Laredo Petroleum Inc. recently tacked on more Permian Basin acreage through a $130 million cash acquisition as the company’s new CEO implements his strategic vision.
In its third-quarter earnings release, Laredo revealed it had signed a purchase and sale agreement with Cordero Energy Resources LLC on Nov. 4 to acquire 7,360 net acres (96% operated) and 750 net royalty acres in Howard County, Texas. The largely undeveloped acreage is in an area of high oil productivity with offsetting wells indicating first-year production that is 80% oil, according to the company release.
Jason Pigott, who took over as Laredo CEO last month, called the Howard County acreage acquisition Laredo’s next strategic step to maximize and create additional value for its stakeholders.
The Tulsa, Okla.-based independent oil and gas company has worked to answer calls by investors to transform itself into a returns focused company rather than one driven on net asset value accretion.

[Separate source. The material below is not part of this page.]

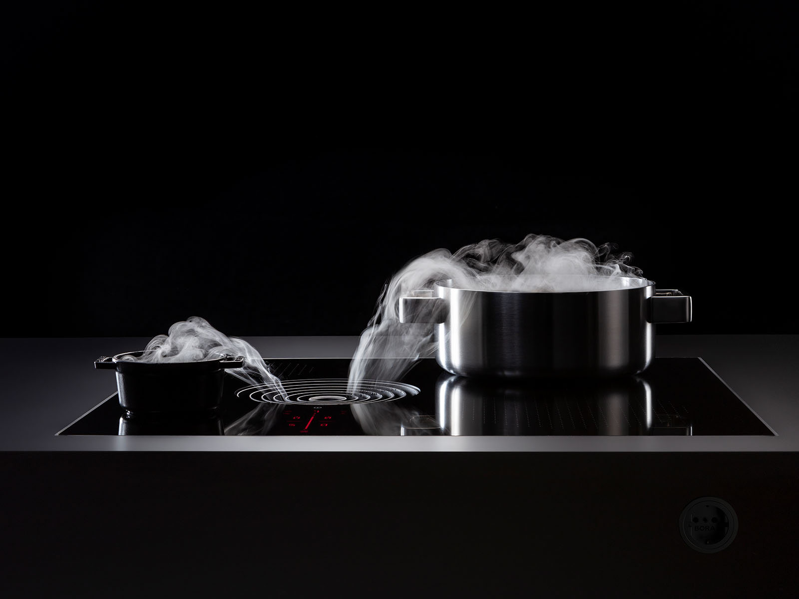 BORA cooktops combine an induction or surface cooking area with a built-in extractor that pulls steam and odours directly down through the centre of the unit. Instead of rising into the room, the air is drawn away immediately at the source.

So far this year, the company has generated almost $40 million of free cash flow by high-grading its existing acreage and additional cost saving initiatives, which included a 20% reduction to its staff plus a total overhaul of its leadership team. Though on Nov. 5, Pigott said this is only the first step for Laredo.
“To implement the second pillar of our strategy, further improving our capital efficiency in corporate returns, we intend to opportunistically pursue transactions ... to target high margin inventory that will move to the front of our development queue,” Pigott said during the company earnings call, according to a Seeking Alpha transcript of the call.
Pigott joined Laredo in May, initially as its president, having previously worked at Anadarko Petroleum Corp. and, more recently, Chesapeake Energy Corp. He was eventually named as successor to Randy A. Foutch, Laredo’s CEO who had founded the company in 2006, effective Oct. 1.
According to Foutch, Pigott has a “positive, profound impact” in a short period of time.
“Since joining Laredo as president in May, his focus on increasing oil productivity and minimizing risk has refocused the company on the Cline formation and improved our Wolfcamp development plan,” Foutch said in a statement in late September.
The Howard County acreage acquisition, expected to close in December, will continue Laredo’s pivot toward oil, said senior equity analyst, Gabriele Sorbara.
“We believe this is a pivotal transaction that shifts its production mix towards oil,” Sorbara, principal at Siebert Williams Shank & Co. LLC, wrote in a research note on Nov. 6. He estimated Laredo is buying the acreage for about $16,000 per net acre. The company plans to finance through its senior secured credit facility.
The transaction is expected to add 120 gross (100 net) primary locations in the Lower Spraberry and Upper and Middle Wolfcamp formations, which Pigott said Laredo will begin drilling in first-quarter 2020.
“This is not acreage that is being acquired to languish our development queue as we expect to begin drilling our first package in the first quarter of 2020 and that the majority of our completions will be on this acreage in the 2020 to 2022 timeframe,” he said on the earnings call.
He also added that Laredo currently expects to develop the locations in 16 well packages targeting primary zones to limit future parent/child interactions.